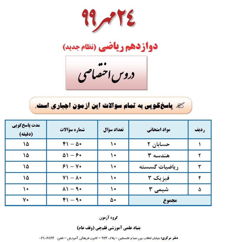 اولین آزمون هدف گذاری در تاریخ 24 مهر برگزار خواهد شد. از کارنامه این آزمون می توانید استفاده کنید و برای آزمون 2 آبان هدف گذاری صحیح تر و واقعی تری داشته باشید. آزمون 2 آبان دوازدهم ریاضی در درس حسابان مربوط به مبحث تابع است. آیا قبل از مطالعه این مبحث در هفته اول قبل از آزمون می توانید حدس بزنید به چند سوال از 10 سوال این مبحث را پاسخ خواهید داد؟ با شروع مطالعه در هفته اول و رسیدن به پنج شنبه شاید شناخت بهتری از وضعیت خود در مبحث تابع داشته باشید این موضوع با دادن یک آزمون هدف گذاری که نقش قلق گیری شما را دارد، کامل می شود. در نهایت یک هدف گذاری درست و منطقی برای آزمون هفته بعد خواهید داشت. در جداول زیر نام درس و تعداد سوال های آزمون هدفگذاری 24 مهر را مشاهده می کنید
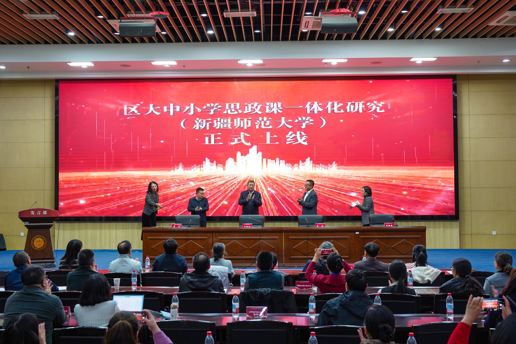 10月16日—17日,由自治区党委教育工委、自治区教育厅、自治区民委、新疆地方思政课教学指导委员会主办,自治区大中小学思政课一体化研究中心(新疆师范大学)、新疆高校思想政治理论课改革创新研究中心(新疆师范大学)承办的“自治区大中小学思政课一体化‘铸牢中华民族共同体意识’专题教学展示交流活动”在我校昆仑校区成功举办。自治区党委教育工委、自治区教育厅、自治区民委和我校相关负责同志出席活动,活动由我校马克思主义学院党委副书记、院长张丽娟教授主持。
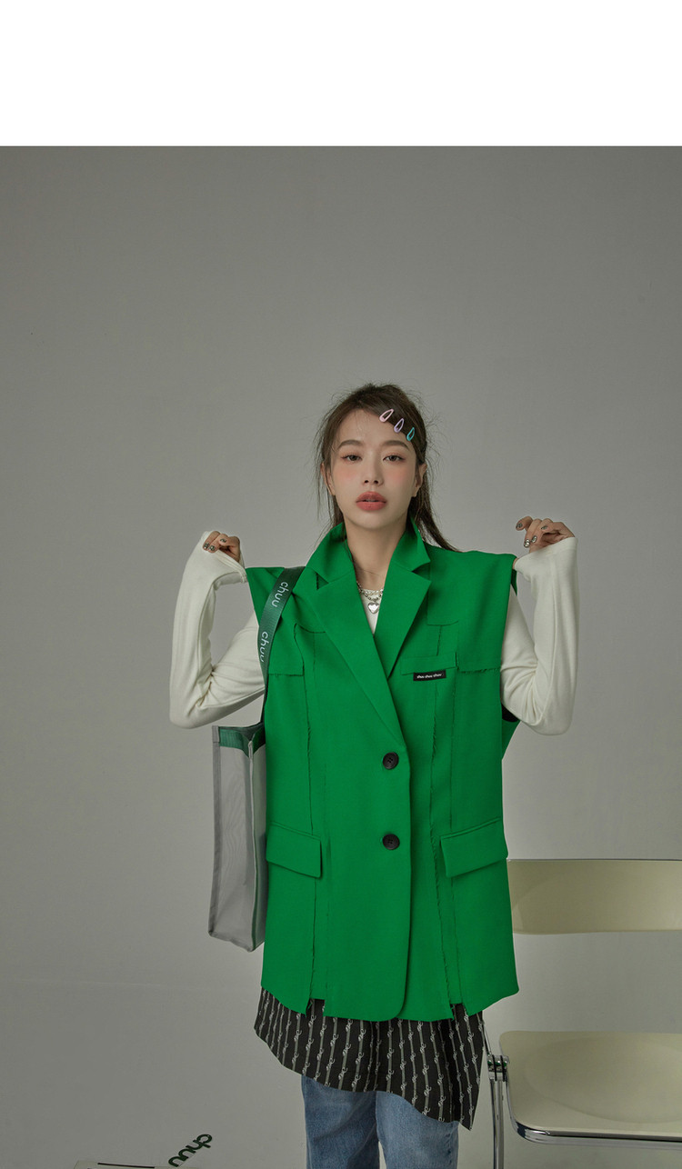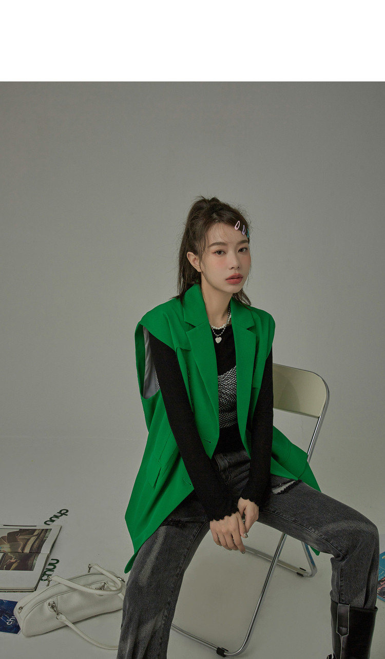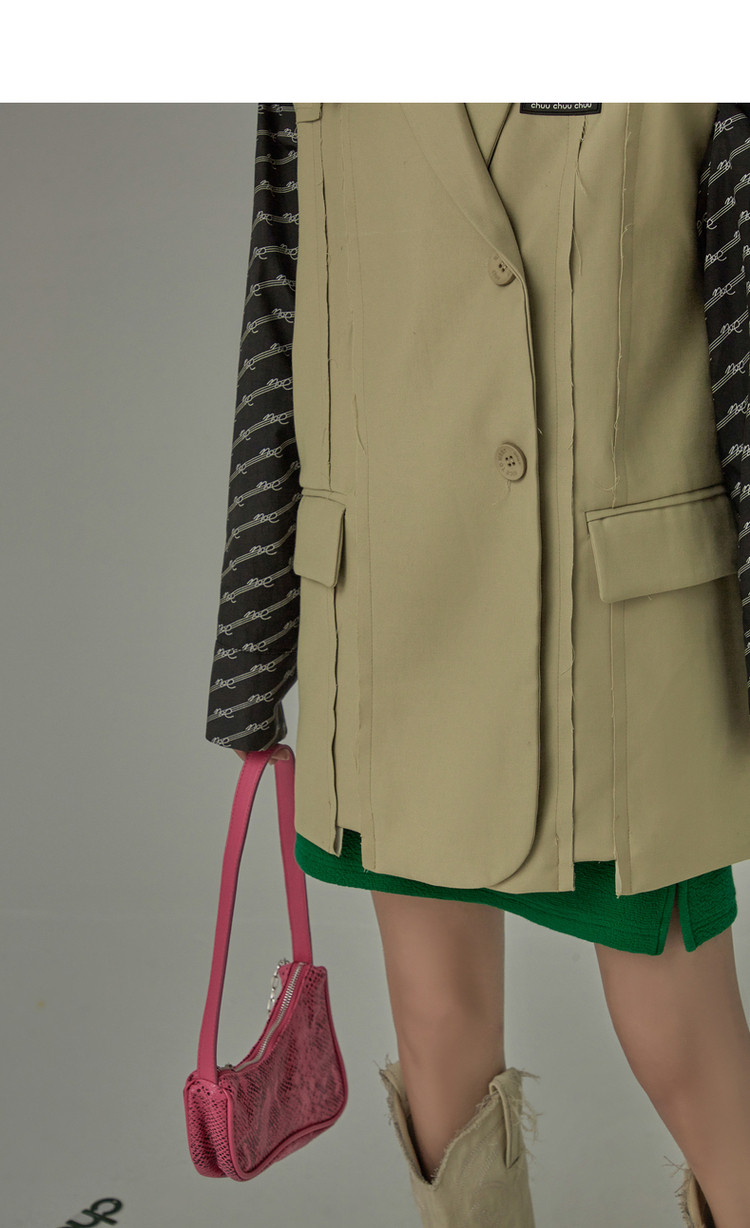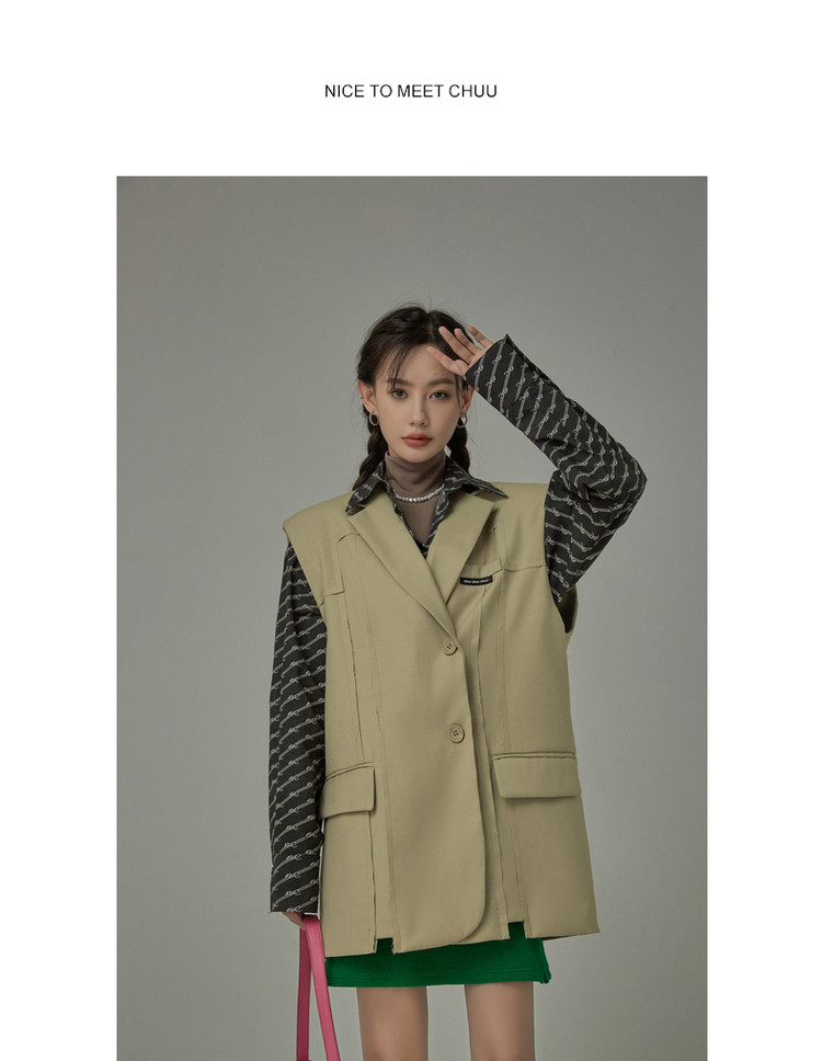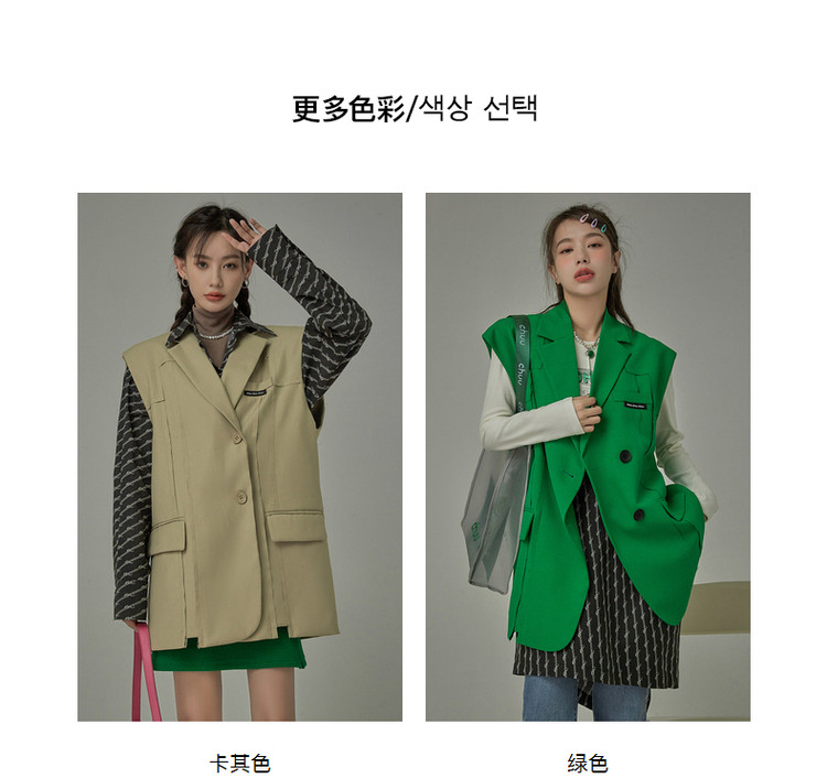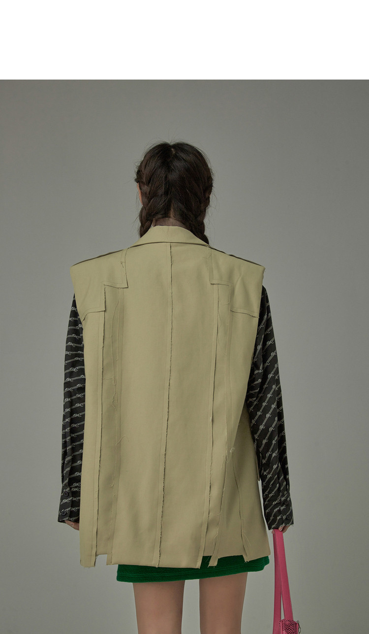 西装马甲女春秋拼接贴标工装风垂感外穿上衣 796115
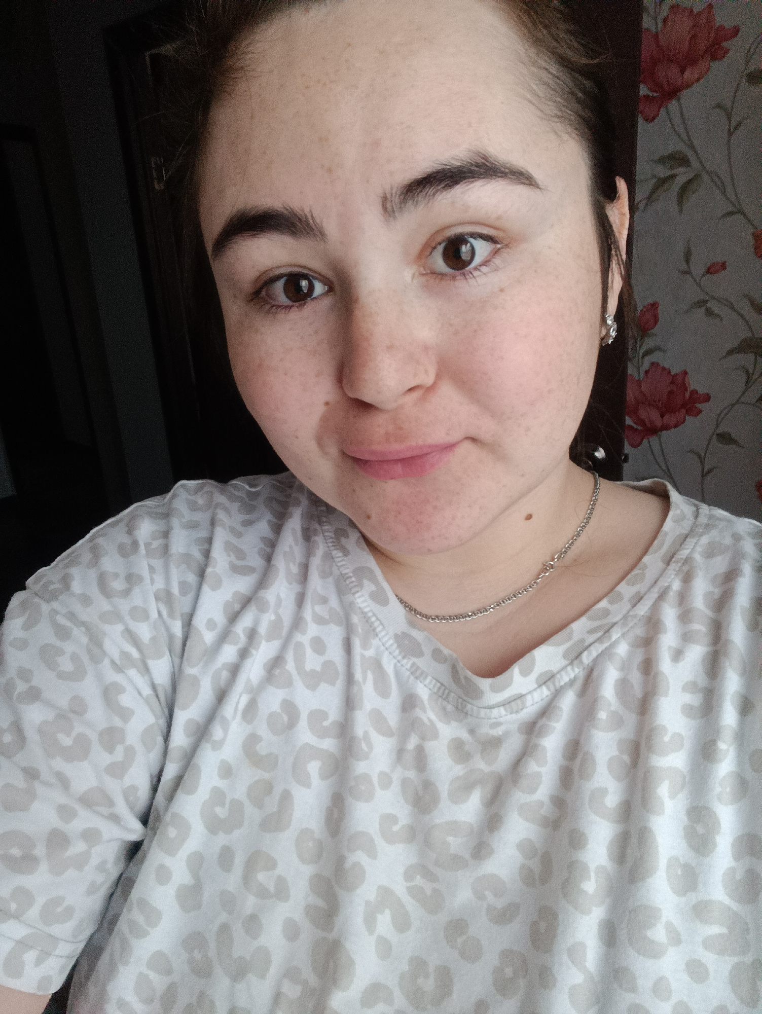 A young woman with fair skin and freckles is centered in the frame, looking directly at the camera. She has dark brown eyes and hair pulled back. She is wearing a light-colored t-shirt with a leopard print pattern and a silver chain necklace. Behind her, to the left, is a dark doorway or the edge of a wall. To the right, there is wallpaper with a floral pattern, predominantly red flowers. The setting does not provide sufficient information to determine a specific location within the city of Noviy, Russia. | Open Wire
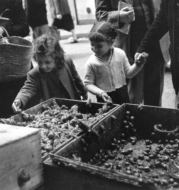 Классический снимок Робера Дуано запечатлел сценку на парижском рынке в 1951 году. Продавщица предлагает покупательнице живых виноградных улиток – традиционный французский деликатес (эскарго). Послевоенный Париж постепенно возвращался к мирной жизни, и уличные рынки, подобные этому, были ее неотъемлемой частью, предлагая горожанам как повседневные продукты, так и гастрономические изыски.
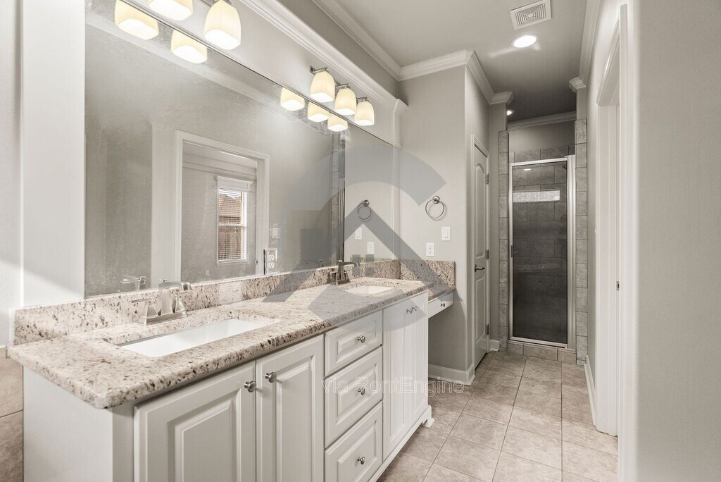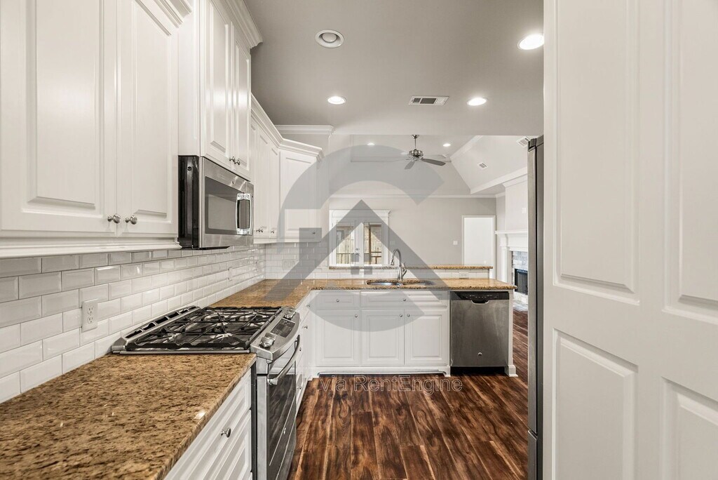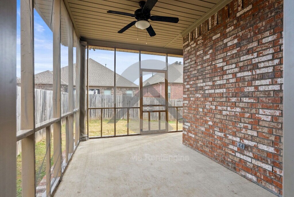 This stunning home offers an open, modern layout with luxury vinyl flooring, tall tray ceilings, and a cozy stone fireplace in the spacious living area. The bright kitchen features granite countertops, white cabinets, stainless steel appliances, gas range, and a large island—perfect for cooking, entertaining, or everyday living. The primary bedroom is oversized with plush carpet, a huge walk-in closet with built-ins, and a spa-style bathroom with double vanities, soaking tub, and walk-in tile shower. Secondary bedrooms are spacious and bright with ceiling fans and great closet space. Enjoy relaxing evenings on the covered, screened-in patio with ceiling fan, overlooking the fenced backyard. This great layout, move in ready home is awaiting for someone to make it home. Schedule your tour today! No pets accepted. Washer and dryer can convey with additional monthly rent. By submitting your information on this page you consent to being contacted by the Property Manager and RentEngine via SMS, phone, or email.

> **TASK INSTRUCTIONS**: Verbatim copy, images excluded: transcribe all the entries above.

> **ANSWER TO THE PROBLEM**:
 اولین آزمون هدف گذاری در تاریخ 24 مهر برگزار خواهد شد. از کارنامه این آزمون می توانید استفاده کنید و برای آزمون 2 آبان هدف گذاری صحیح تر و واقعی تری داشته باشید. آزمون 2 آبان دوازدهم ریاضی در درس حسابان مربوط به مبحث تابع است. آیا قبل از مطالعه این مبحث در هفته اول قبل از آزمون می توانید حدس بزنید به چند سوال از 10 سوال این مبحث را پاسخ خواهید داد؟ با شروع مطالعه در هفته اول و رسیدن به پنج شنبه شاید شناخت بهتری از وضعیت خود در مبحث تابع داشته باشید این موضوع با دادن یک آزمون هدف گذاری که نقش قلق گیری شما را دارد، کامل می شود. در نهایت یک هدف گذاری درست و منطقی برای آزمون هفته بعد خواهید داشت. در جداول زیر نام درس و تعداد سوال های آزمون هدفگذاری 24 مهر را مشاهده می کنید
 10月16日—17日,由自治区党委教育工委、自治区教育厅、自治区民委、新疆地方思政课教学指导委员会主办,自治区大中小学思政课一体化研究中心(新疆师范大学)、新疆高校思想政治理论课改革创新研究中心(新疆师范大学)承办的“自治区大中小学思政课一体化‘铸牢中华民族共同体意识’专题教学展示交流活动”在我校昆仑校区成功举办。自治区党委教育工委、自治区教育厅、自治区民委和我校相关负责同志出席活动,活动由我校马克思主义学院党委副书记、院长张丽娟教授主持。
 西装马甲女春秋拼接贴标工装风垂感外穿上衣 796115
 A young woman with fair skin and freckles is centered in the frame, looking directly at the camera. She has dark brown eyes and hair pulled back. She is wearing a light-colored t-shirt with a leopard print pattern and a silver chain necklace. Behind her, to the left, is a dark doorway or the edge of a wall. To the right, there is wallpaper with a floral pattern, predominantly red flowers. The setting does not provide sufficient information to determine a specific location within the city of Noviy, Russia. | Open Wire
 Классический снимок Робера Дуано запечатлел сценку на парижском рынке в 1951 году. Продавщица предлагает покупательнице живых виноградных улиток – традиционный французский деликатес (эскарго). Послевоенный Париж постепенно возвращался к мирной жизни, и уличные рынки, подобные этому, были ее неотъемлемой частью, предлагая горожанам как повседневные продукты, так и гастрономические изыски.
 This stunning home offers an open, modern layout with luxury vinyl flooring, tall tray ceilings, and a cozy stone fireplace in the spacious living area. The bright kitchen features granite countertops, white cabinets, stainless steel appliances, gas range, and a large island—perfect for cooking, entertaining, or everyday living. The primary bedroom is oversized with plush carpet, a huge walk-in closet with built-ins, and a spa-style bathroom with double vanities, soaking tub, and walk-in tile shower. Secondary bedrooms are spacious and bright with ceiling fans and great closet space. Enjoy relaxing evenings on the covered, screened-in patio with ceiling fan, overlooking the fenced backyard. This great layout, move in ready home is awaiting for someone to make it home. Schedule your tour today! No pets accepted. Washer and dryer can convey with additional monthly rent. By submitting your information on this page you consent to being contacted by the Property Manager and RentEngine via SMS, phone, or email.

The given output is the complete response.